How to Use Git with RStudio
This documentation was creating using RStudio version 2022.07.1.
Objectives
- Set up and install Git
- Set up Git in RStudio
- Clone an existing project from GitLab
- Troubleshooting
Part 1: Installation and Setup
- Download and install R (if not already installed).
- Download and install RStudio Desktop (if not already installed).
- Install Homebrew (if not already installed).
- Install Git
- Once Homebrew is installed, open your terminal (Command+Space Bar on Mac to open search bar, and search “Terminal”)
- Run the command
brew install git
in your terminal - Alternatively, Git can be downloaded HERE. Make note of the path you install it to if you use this method.
- You will also need to have your GitLab account set up and access to the project you want to clone
Part 2: Setting Up Git in RStudio
- Open RStudio and go to Tools > Global Options > Git/SVN
- Check the box labeled Enable version control interface for RStudio project
- Set the path to the Git executable that you just installed.
- If you don’t know where Git is installed, access your Terminal and enter command
which git
and hit the return key - The path should be something similar to
/usr/bin/git
. (Note: if navigating through Finder, hidden files can be viewed by pressingCommand
+Shift
+.
)
- If you don’t know where Git is installed, access your Terminal and enter command
- Create an SSH key by following the instructions it/data-team/ the Generate an SSH Key Pair section.
- ED25519 is recommended
- Once complete, add the private key path to the SSH RSA Key field
- Configure Git by setting your GitLab user name and GitLab email in RStudio
- To open the Git prompt go to Tools > Shell and enter the following:
git config --global user.name 'yourGitHubUsername'
git config --global user.email 'name@provider.com'
- To open the Git prompt go to Tools > Shell and enter the following:
- Restart RStudio
Part 3: Create an RStudio Project with Git
- To create a new project based on a remote Git repository:
- Select File > New Project > Version Control
- Choose Git, then provide the repository URL:
- Access the GitLab project you want to clone
- Select the Clone drop-down button at the top right
- Copy the URL for Clone with HTTPS
- Paste this link into the Repository URL section in RStudio
- Select Create New Project
- The GitLab Project should now be visible in R Studio
- Source for Walkthrough Instructions
Part 4: Troubleshooting
-
Error:
Cloning into 'repo-name' gitlab.com: Permission denied (publickey). fatal: Could not read from remote repository. Please make sure you have the correct access rights and repository exists.

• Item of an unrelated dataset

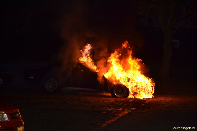 Een autobrand aan de Eikenstraat in Leeuwarden, deze auto is in brand gestoken.
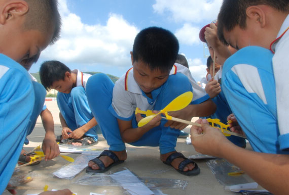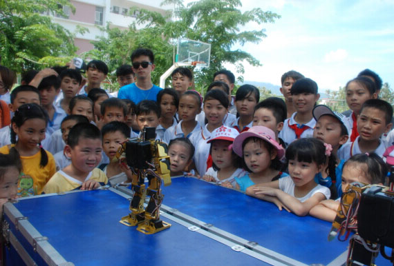同時,海口電視臺《寶貝真棒》欄目組還帶來了一系列精彩紛呈的兒童節(jié)目,海南省科技活動中心還特意為孩子們派出了科普大篷車、帶來了3D科普展板,在專業(yè)航模老師的帶領(lǐng)下,來自城市里的三十個孩子和陵水的留守兒童結(jié)成了對子,一起制作航模,觀看機(jī)器人表演。

- Solution: This is a known issue in certain versions of RStudio that is working to be resolved. Reinstalling an older version should resolve the issue (Source).
How to Update a GitLab Project with Updates from R Studio
- Before uploading changes made locally to a GitLab project ensure that you are working with the most current branch by selecting Pull with Rebase from the Git section in R (Ensure that you are rebasing from the main branch)
- Once changes are complete and ready to be uploaded select the new branch icon and enter a name for the branch (no spaces allowed). Select Create
- In the Review Changes window that opens in R ensure that changes on the left side of the screen are checked for Staged and that a commit message is entered on the right side of the screen.
- Select Commit
- In GitLab, navigate to the project you have made updates to. You should see a merge request that needs to be created and it will have the changes you made in R. Select the relevant reviewers and approvers to merge the changes.
How to Connect RStudio and Google Sheets
Google Sheets and R have the ability to interact via the googlesheets4
and googledrive
packages in R.
- Google App Authentication Setup
- Package Installation
- Reading Existing Google Sheets
- Writing to Google Sheets
Part 1: Google App Authentication Setup
- Follow the steps in the handbook to add yourself to the Google Cloud Project.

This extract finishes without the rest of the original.